Naii and Shariah of Black Girl Tea provide such relatable insight to their own experiences with their parents. Their conversation about their own parents demonstrates the complexities of parental relationships. Both women acknowledge that their mothers have toxic traits. However, they also acknowledge the fact that their mothers have gone through life altering incidents that have contributed to those traits. This is a refreshing reminder that our parents are human.
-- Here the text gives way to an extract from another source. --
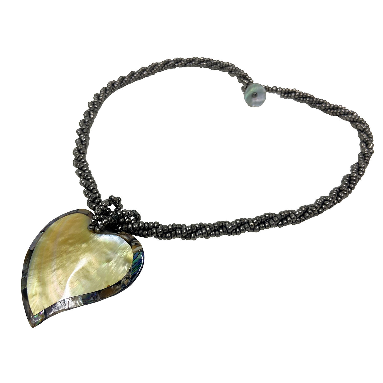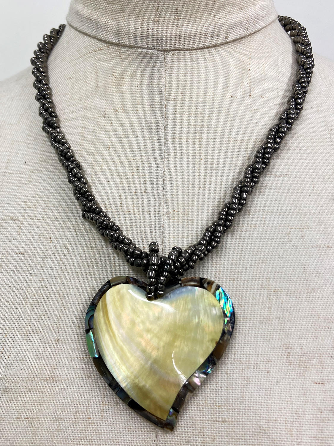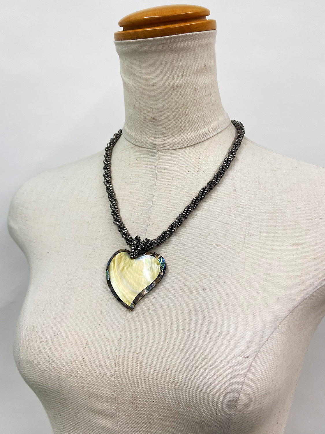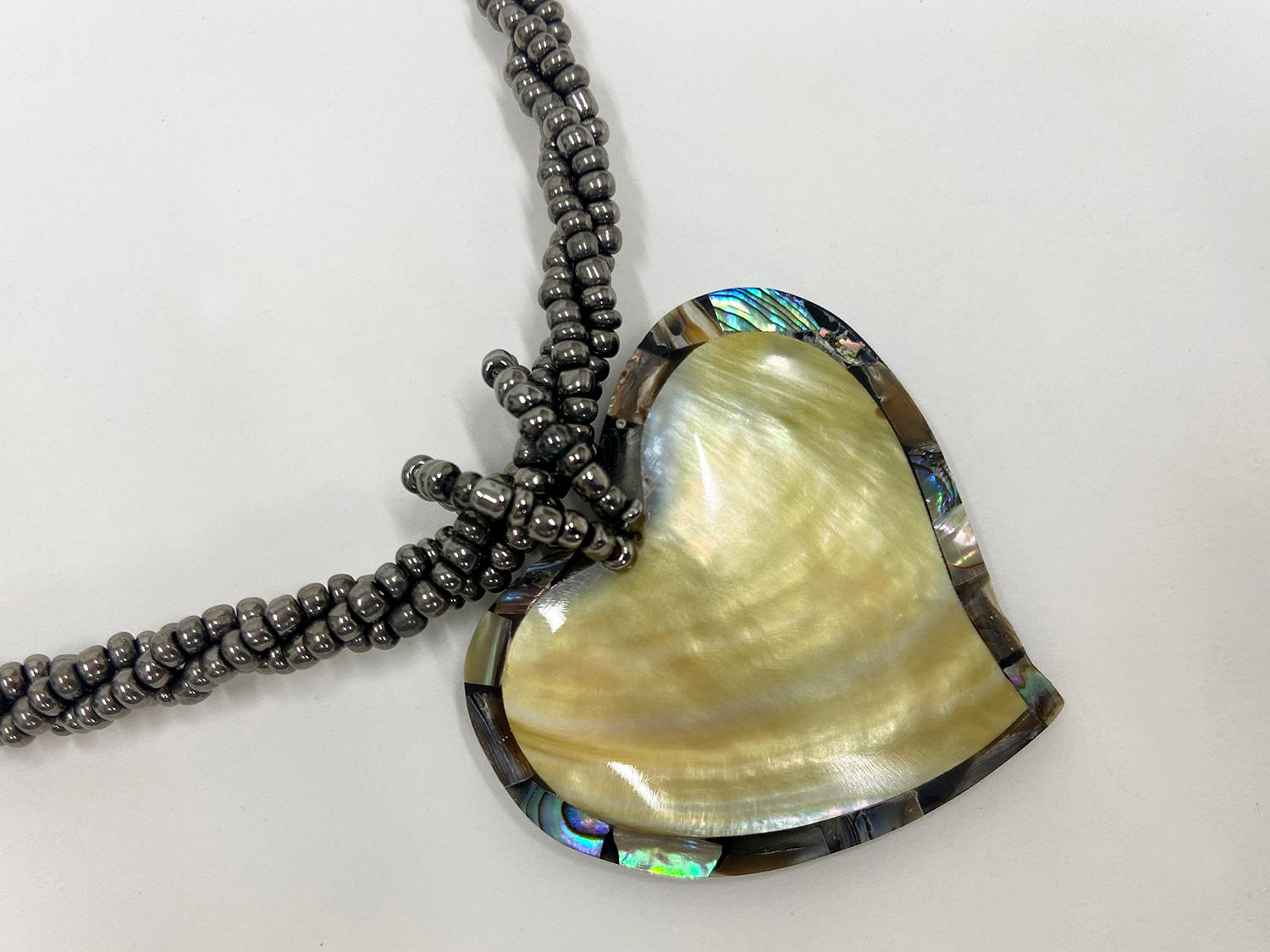 ハート型を重ね加工に象った重厚感あふれるシックなビーズネックレス
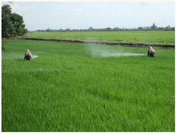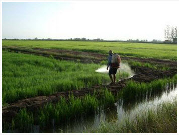 ฉีดพ่นสารกำจัดหนอนในนาข้าวครับ

It is never fair to have to grow up in toxicity, but it is imperative to recognize the fact that becoming toxic can be the result of trauma that a person has experienced in their past.
5. The Shift Show: “Toxic Parents: Dealing with the Fallout”
If you are a nerd like me, you will love how The Shift Show hosts break down child development. They explore the significance of the relationship between parents and children at a scientific level. Our parents provide the soundtracks of how we view ourselves. Because, from infancy, we understand that these people are meant to love and protect us, we believe what they tell us. As you probably know, having toxic parents who may point out our flaws frequently can set us up for low self-esteem and poor self-image as we grow into adulthood. The hosts discuss the varying types of parental toxicity that can contribute to issues we may have long after the raising is through.
Your Toxic Parent Doesn’t Have to Define You
If you have an addicted, abusive, or otherwise toxic parent, these podcasts should help you to understand that you are not alone. The information provided in each of these episodes demonstrates that you can heal. The words of experts and non-experts alike will tell you that working on yourself is so important. Though the circumstances of your upbringing may have been traumatizing, the simple acknowledgment that your parents were toxic has the power to help you recover. If you are a parent yourself, or plan to become one, it is a great idea to educate yourself about toxic parenting so you can learn what not to do.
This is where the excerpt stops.